# Aim of the exercise:
Copy task. Retype the whole listing exactly, omitting any picture in it.

# Recorded information:
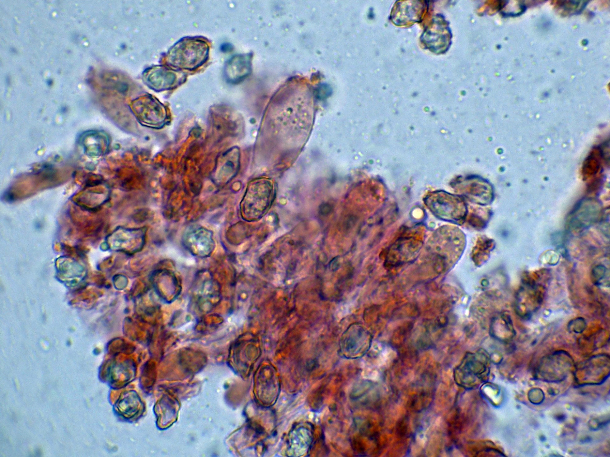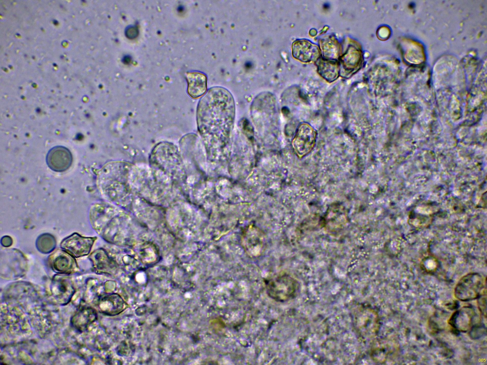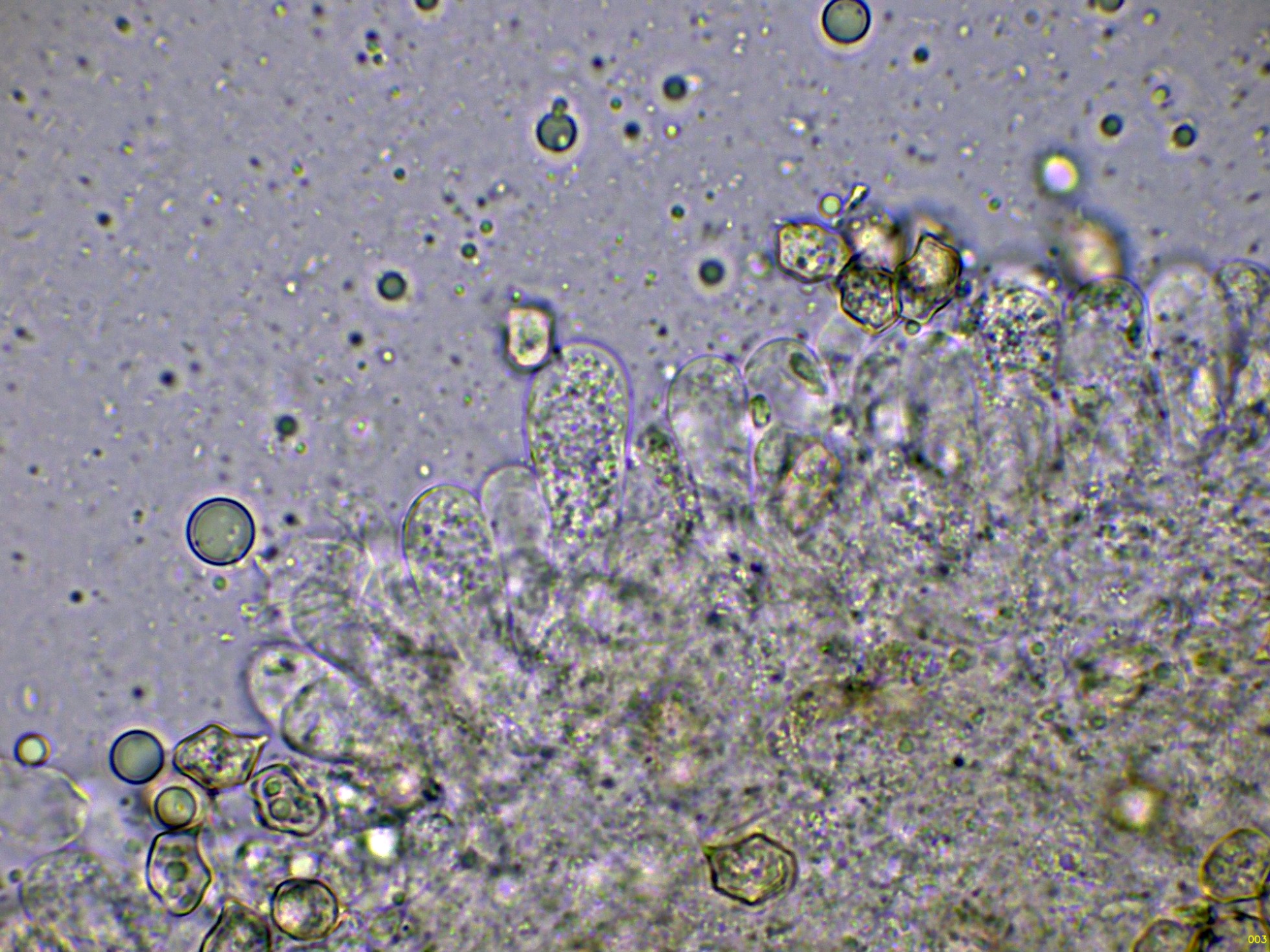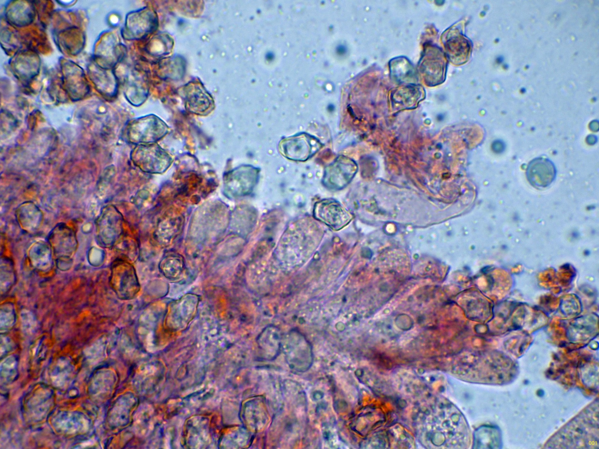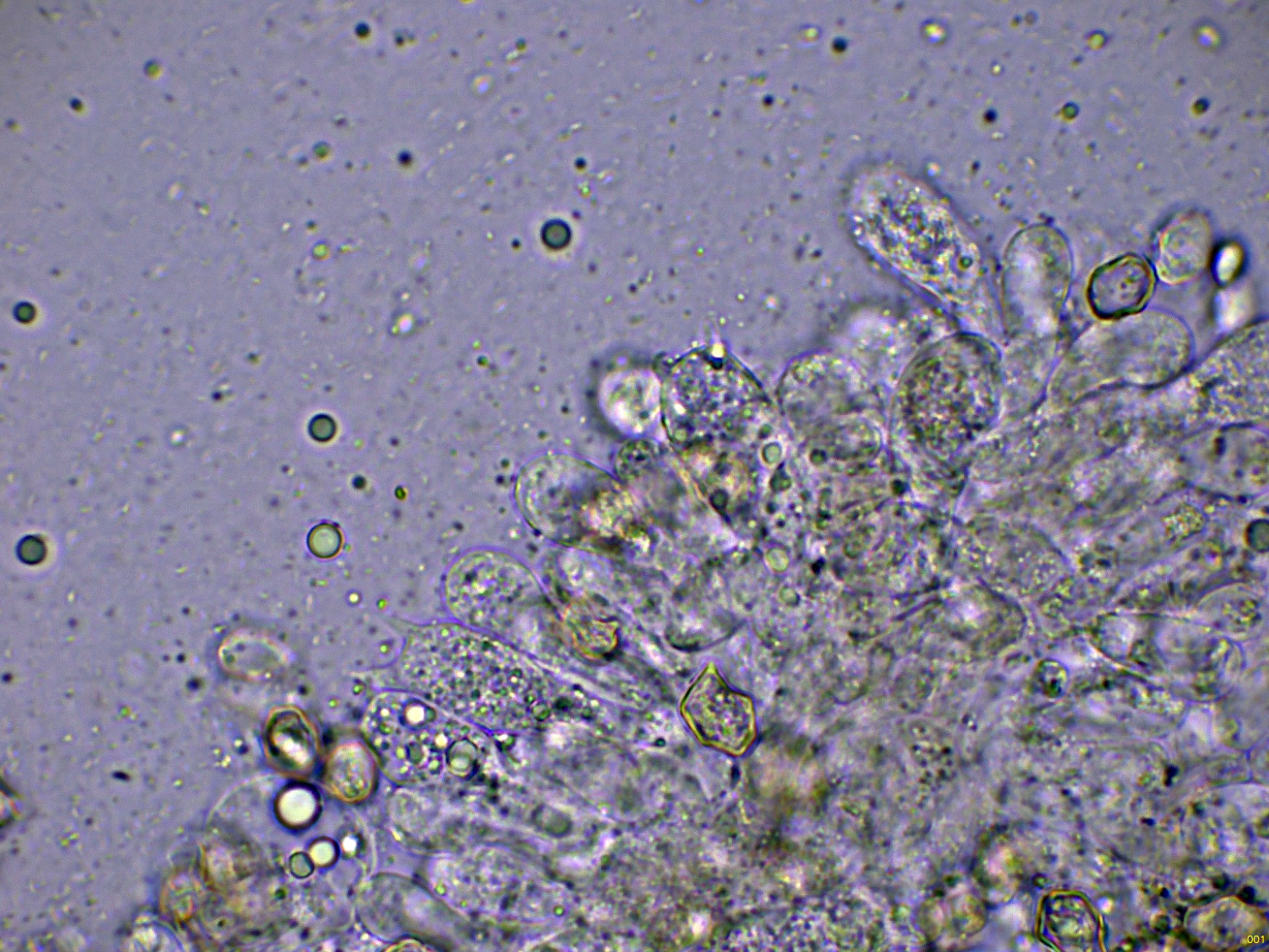 Arista laminar en solución de Rojo Congo, sin elementos diferenciados de los basidios o basidiolos:
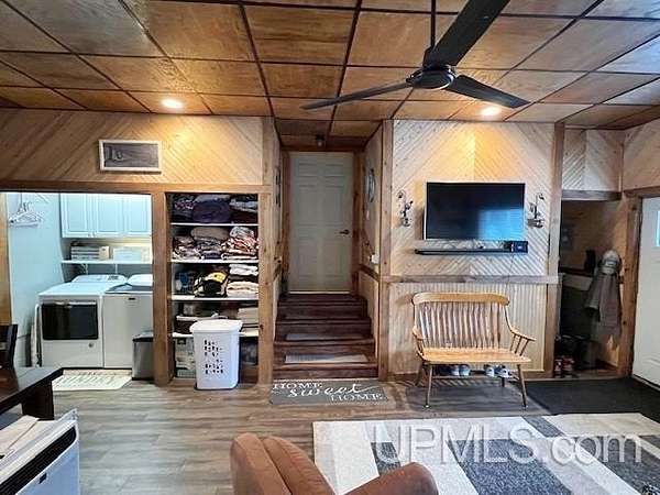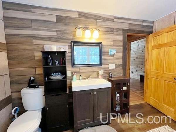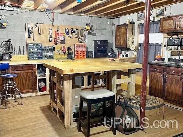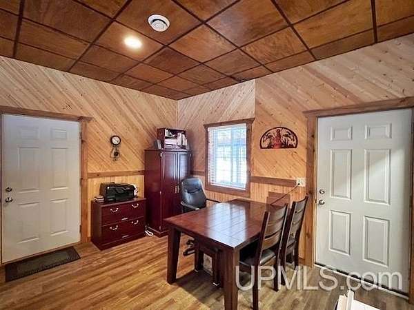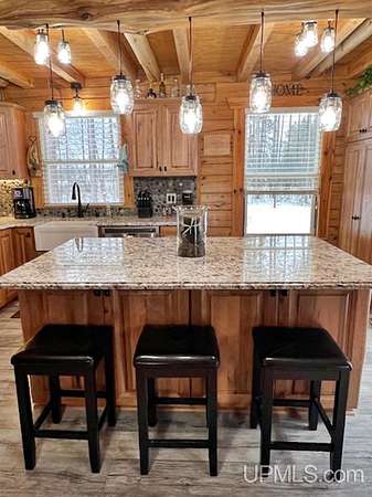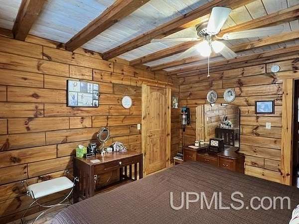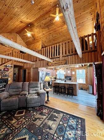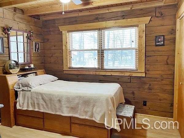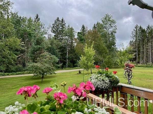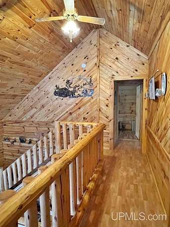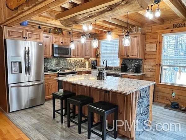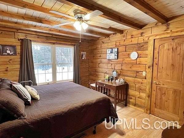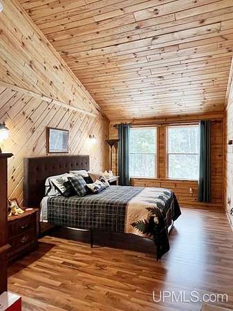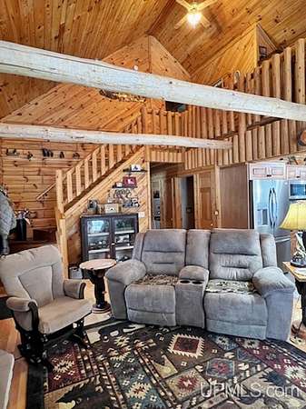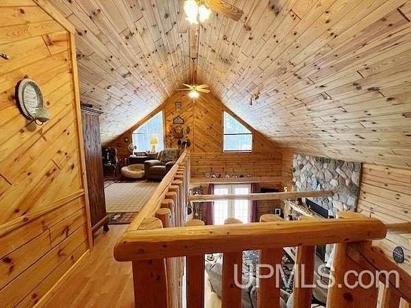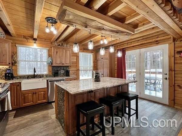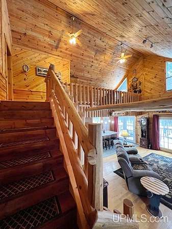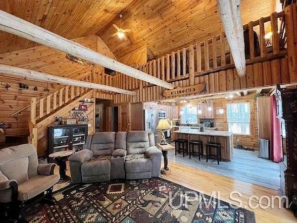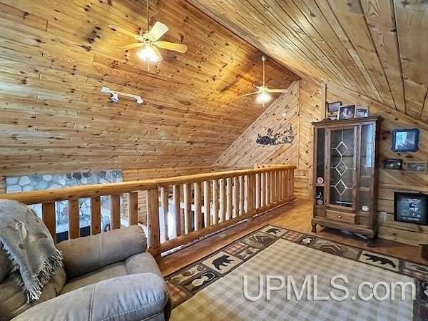 Updated 3BR, 2 BA log home offers the peacefulness of nature you've been looking for--whether as a primary residence or vacation retreat. The open-concept main level features gorgeous woodgrain throughout and an upgraded kitchen with new hickory cabinets, granite countertops, and updated lighting. The living room is highlighted by a soaring ceiling with cross beams and a beautiful fieldstone wood-burning fireplace. You'll also find a cozy family room and convenient first-floor laundry. The second level includes a charming reading nook overlooking the great room below, along with a spacious primary bedroom suite complete with jetted tub and walk-in shower. The full walk-out basement offers additional storage space and a workshop area. Heating is provided by GFA along with a new energy-efficient wood furnace to help keep utility costs low. Enjoy the outdoors from the expansive deck overlooking the wooded 1.5 acres. Property features a fenced-in kennel and garden area, an attached 1-car garage, and two lean-tos for extra covered parking. Located on a quiet dead-end town road with year-round access, direct ATV trail access, and only 1 mile from the Nicolet National Forest, this log home is perfectly positioned for adventure in this Northwoods paradise.
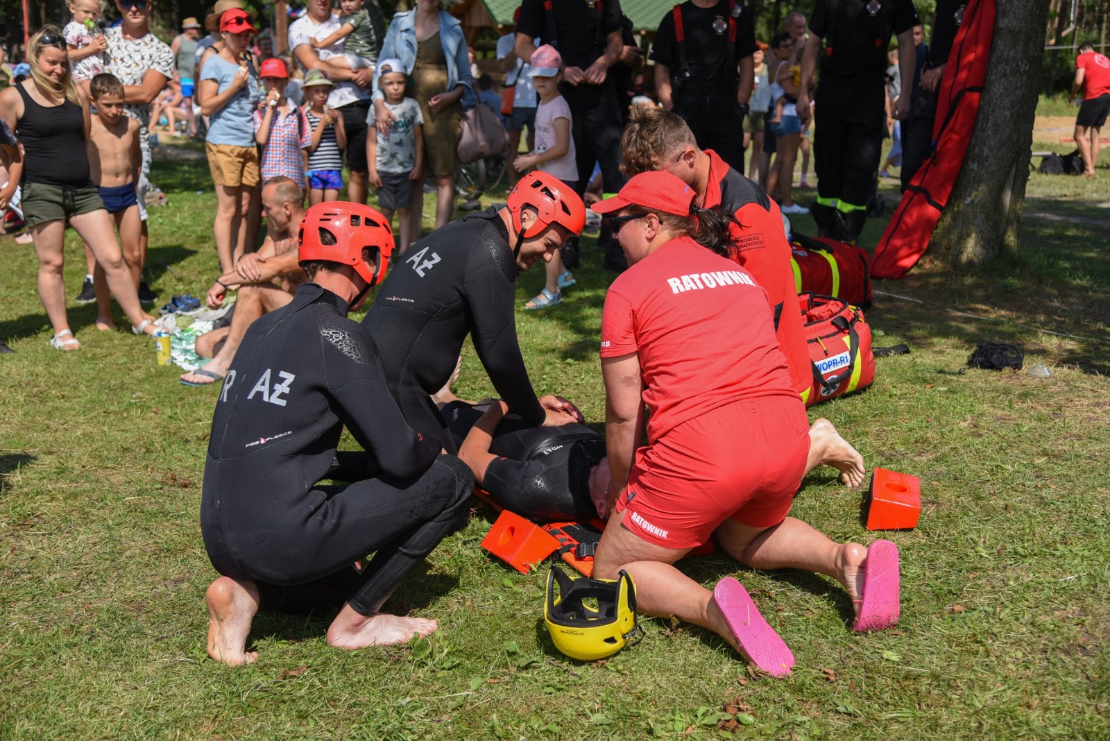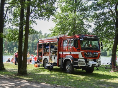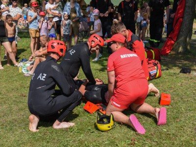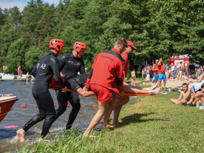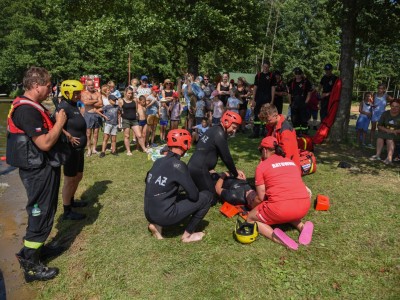 Dodatkową atrakcją był przeprowadzony przez strażaków z OSP Leśno oraz ratowników WOPR pokaz ratownictwa wodnego, w trakcie którego zaprezentowano różne techniki pomocy oraz przybliżono zasady udzielania pierwszej pomocy przedmedycznej.
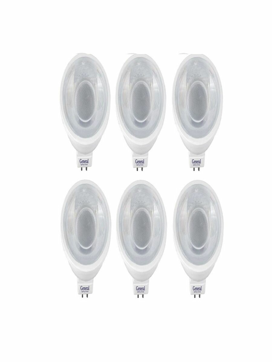 Лампочка светодиодная, General, Комплект из 6 шт, 8 Вт, Цоколь GU5.3, 6500К, Форма лампы Круг, MR16

# Task response:
 Arista laminar en solución de Rojo Congo, sin elementos diferenciados de los basidios o basidiolos:
 Updated 3BR, 2 BA log home offers the peacefulness of nature you've been looking for--whether as a primary residence or vacation retreat. The open-concept main level features gorgeous woodgrain throughout and an upgraded kitchen with new hickory cabinets, granite countertops, and updated lighting. The living room is highlighted by a soaring ceiling with cross beams and a beautiful fieldstone wood-burning fireplace. You'll also find a cozy family room and convenient first-floor laundry. The second level includes a charming reading nook overlooking the great room below, along with a spacious primary bedroom suite complete with jetted tub and walk-in shower. The full walk-out basement offers additional storage space and a workshop area. Heating is provided by GFA along with a new energy-efficient wood furnace to help keep utility costs low. Enjoy the outdoors from the expansive deck overlooking the wooded 1.5 acres. Property features a fenced-in kennel and garden area, an attached 1-car garage, and two lean-tos for extra covered parking. Located on a quiet dead-end town road with year-round access, direct ATV trail access, and only 1 mile from the Nicolet National Forest, this log home is perfectly positioned for adventure in this Northwoods paradise.
 Dodatkową atrakcją był przeprowadzony przez strażaków z OSP Leśno oraz ratowników WOPR pokaz ratownictwa wodnego, w trakcie którego zaprezentowano różne techniki pomocy oraz przybliżono zasady udzielania pierwszej pomocy przedmedycznej.
 Лампочка светодиодная, General, Комплект из 6 шт, 8 Вт, Цоколь GU5.3, 6500К, Форма лампы Круг, MR16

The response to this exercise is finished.